EXERCISE DIRECTIONS >> The lines below from the one with "lugar sa Tel Aviv." up to and including the one with "Su amplia superficie" are what you should set down, exactly and without pictures.

━━ RECORDS SHOWN

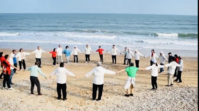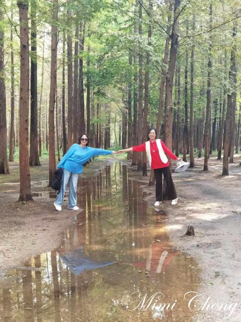 風裡帶著沁人的涼,麗萍見我衣衫輕薄,便解下圍巾為我繫上。那柔軟的暖意瞬間裹住肩頸,也裹住了這個清晨第一份感動。
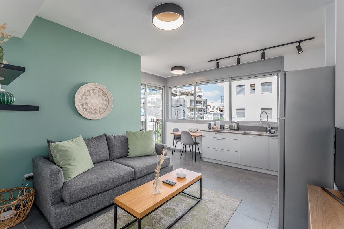 " May sukat sa loob ng apartment. " Ilang click lang ang layo ng tunay na karanasan sa Tel Aviv. Isipin ang iyong sarili sa gitna ng Tel Aviv, malapit sa mga trendiest spot sa lungsod. I - book ang lugar na ito at hindi mo na kailangang isipin (: Isa itong 1 silid - tulugan na Apt. na may kumpletong kusina, high - speed na wi - fi, sala, balkonahe, at nakakahikayat na shower. Mamamalagi ka nang 8 minutong biyahe mula sa beach at marami pang magagandang lugar sa Tel Aviv.
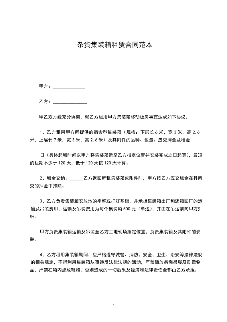六、设备租赁期限为_____年,租期从供货厂向甲方托收贷款时算起,租金总额为人民币__________元(包括手续费_____%),分_____期交付,每期租赁金_____元,由甲方在每期期末按期向乙方托所如乙方不能按期承付租金,甲方则按逾期租金总额每天加收万分之三的罚金。
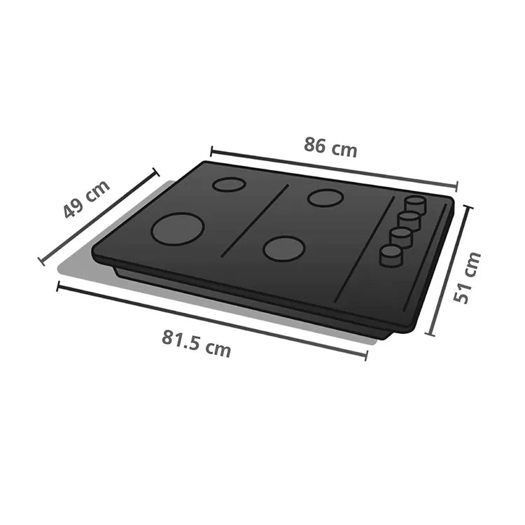 Su amplia superficie de 86 cm brinda el espacio perfecto para preparar múltiples platillos al mismo tiempo, optimizando el rendimiento y la comodidad al cocinar. Equipada con cinco potentes quemadores, cada uno diseñado para cumplir funciones específicas, permite adaptar la potencia del fuego a diferentes necesidades: desde una cocción suave y lenta hasta un hervor rápido y preciso.
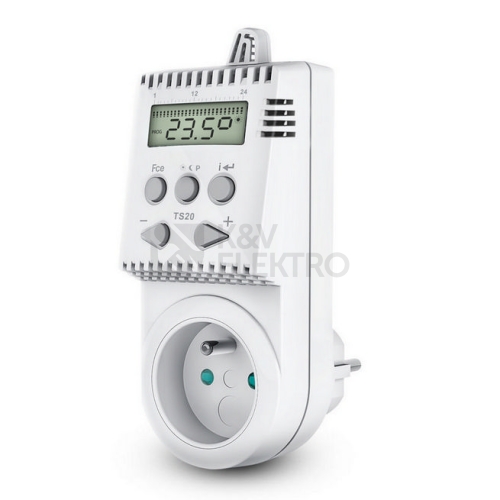Pořiďte si tepelně spínanou zásuvku Elektrobock TS20, jež je v oblasti topenářské techniky novinkou nabízející komfortní řešení ovládání pro elektrické topné soustavy. Automatickou teplotní regulací připojeného spotřebiče můžete ušetřit až 30 % energie pro topení v domácnosti, kanceláři atd. Výhodou je nastavení hystereze od 0,1 °C do 6 °C. Vzhledem k velkým možnostem programu (6 časových úseků a 3 teploty na každý den) si můžete navolit program, který vám bude vyhovovat. Tepelně spínaná zásuvka Elektrobock pro elektrická topidla má rozsah měření 3 °C – 40 °C. Umožňuje na každý den jiný teplotní program a nastavení třech teplotních úrovní (komfortní, úsporná a party). Umožňuje krátkodobé změny teploty programu a regulace teploty po 0,5 °C. Termostat lze snadno ovládat pomocí přehledného displeje. Podívejte se i na další kvalitní termostaty Elektrobock, případně zvažte pořízení termostatu s dotykovou obrazovkou. Vybírat můžete také z obdobných výrobků značek ABB, Schneider, Elko EP nebo Legrand. Prostorovými termostaty můžete efektivně regulovat například podlahové vytápění, elektrické přímotopy či akumulační kamna. Nezapomeňte si přikoupit kvalitní AA baterie. O společnosti Elektrobock Elektrobock je česká společnost, která vznikla v roce 1992 a od začátku se úzce specializovala na vývoj a prodej spotřební elektroniky pro domácnost. V sortimentu E1.cz najdete například domovní zvonky Elektrobock, termostaty, časové relé či pohybová čidla. Prohlédněte si kompletní sortiment této společnosti, který prodává náš e-shop.
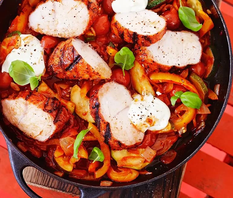 Grillad kycklingfile med ugnsrostade grönsaker och fetaröra
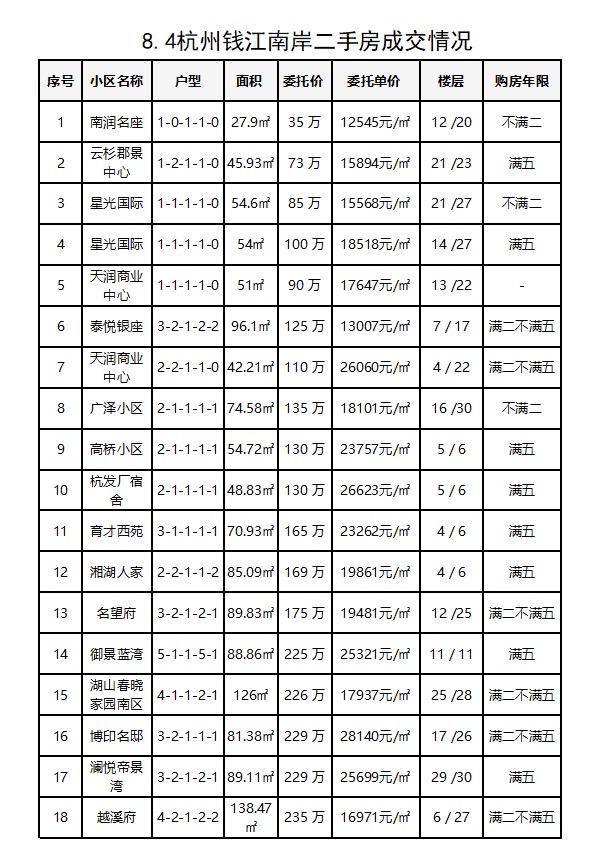 8.4杭州钱江南岸(滨江和萧山)二手房每日成交数据分享,昨日共成交36套,成交保

━━━━

YOUR RESPONSE >>
 " May sukat sa loob ng apartment. " Ilang click lang ang layo ng tunay na karanasan sa Tel Aviv. Isipin ang iyong sarili sa gitna ng Tel Aviv, malapit sa mga trendiest spot sa lungsod. I - book ang lugar na ito at hindi mo na kailangang isipin (: Isa itong 1 silid - tulugan na Apt. na may kumpletong kusina, high - speed na wi - fi, sala, balkonahe, at nakakahikayat na shower. Mamamalagi ka nang 8 minutong biyahe mula sa beach at marami pang magagandang lugar sa Tel Aviv.
六、设备租赁期限为_____年,租期从供货厂向甲方托收贷款时算起,租金总额为人民币__________元(包括手续费_____%),分_____期交付,每期租赁金_____元,由甲方在每期期末按期向乙方托所如乙方不能按期承付租金,甲方则按逾期租金总额每天加收万分之三的罚金。
 Su amplia superficie de 86 cm brinda el espacio perfecto para preparar múltiples platillos al mismo tiempo, optimizando el rendimiento y la comodidad al cocinar. Equipada con cinco potentes quemadores, cada uno diseñado para cumplir funciones específicas, permite adaptar la potencia del fuego a diferentes necesidades: desde una cocción suave y lenta hasta un hervor rápido y preciso.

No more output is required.